Talk2Move: Reinforcement Learning for Text-Instructed Object-Level Geometric Transformation in Scenes
Jing Tan, Zhaoyang Zhang, Yantao Shen, Jiarui Cai, Shuo Yang, Jiajun Wu, Wei Xia, Zhuowen Tu, Stefano Soatto
2026-01-06
Summary
This paper introduces a new system called Talk2Move that lets you change where objects are in a picture just by telling it what to do with words. It's a way to make images respond to natural language instructions about object placement.
What's the problem?
Current AI systems are pretty good at changing *how* things look in an image based on text, like making a picture more 'artistic' or changing colors. However, they struggle with actually *moving* objects around, rotating them, or changing their size. This is because it's hard to get enough examples of text paired with the exact pixel changes needed to make these kinds of geometric adjustments, and directly tweaking pixels isn't very effective.
What's the solution?
Talk2Move uses a technique called reinforcement learning, where the AI learns by trial and error.
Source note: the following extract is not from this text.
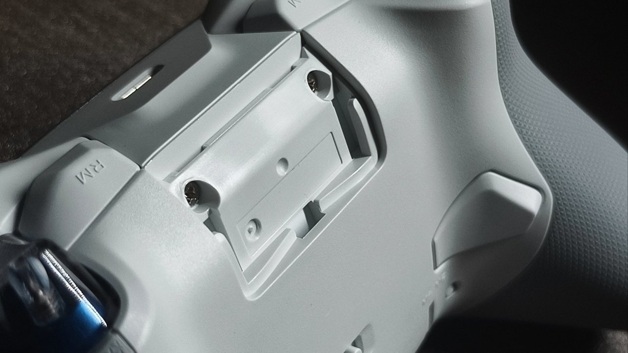 然後就是它的手機支架槽的位置設計的比前代好了,之前的支架槽就設計在手柄頂上,說實話之前確實是有點影響觀感,而現在你會發現在手柄的背面他做了一個和電池倉有點像的設計,把倉蓋拔出,你就能看到新的手機支架槽位了,給隱藏了起來,整體看的舒服多了

Instead of needing a ton of perfectly matched examples, it explores different ways to move objects by making small changes and seeing how well those changes match the text instructions. It uses a clever reward system that specifically encourages the AI to get the object's position, rotation, and size correct, and it focuses its learning on the most important steps in the transformation process. It also uses slight variations in the text to help it learn more robustly.
Why it matters?
This work is important because it brings us closer to AI systems that can truly understand and respond to our instructions about the visual world. Being able to manipulate objects in images with natural language has a lot of potential applications, like image editing, creating virtual environments, and even robotics where a robot could rearrange objects based on spoken commands.
Abstract
We introduce Talk2Move, a reinforcement learning (RL) based diffusion framework for text-instructed spatial transformation of objects within scenes. Spatially manipulating objects in a scene through natural language poses a challenge for multimodal generation systems. While existing text-based manipulation methods can adjust appearance or style, they struggle to perform object-level geometric transformations-such as translating, rotating, or resizing objects-due to scarce paired supervision and pixel-level optimization limits. Talk2Move employs Group Relative Policy Optimization (GRPO) to explore geometric actions through diverse rollouts generated from input images and lightweight textual variations, removing the need for costly paired data. A spatial reward guided model aligns geometric transformations with linguistic description, while off-policy step evaluation and active step sampling improve learning efficiency by focusing on informative transformation stages. Furthermore, we design object-centric spatial rewards that evaluate displacement, rotation, and scaling behaviors directly, enabling interpretable and coherent transformations. Experiments on curated benchmarks demonstrate that Talk2Move achieves precise, consistent, and semantically faithful object transformations, outperforming existing text-guided editing approaches in both spatial accuracy and scene coherence.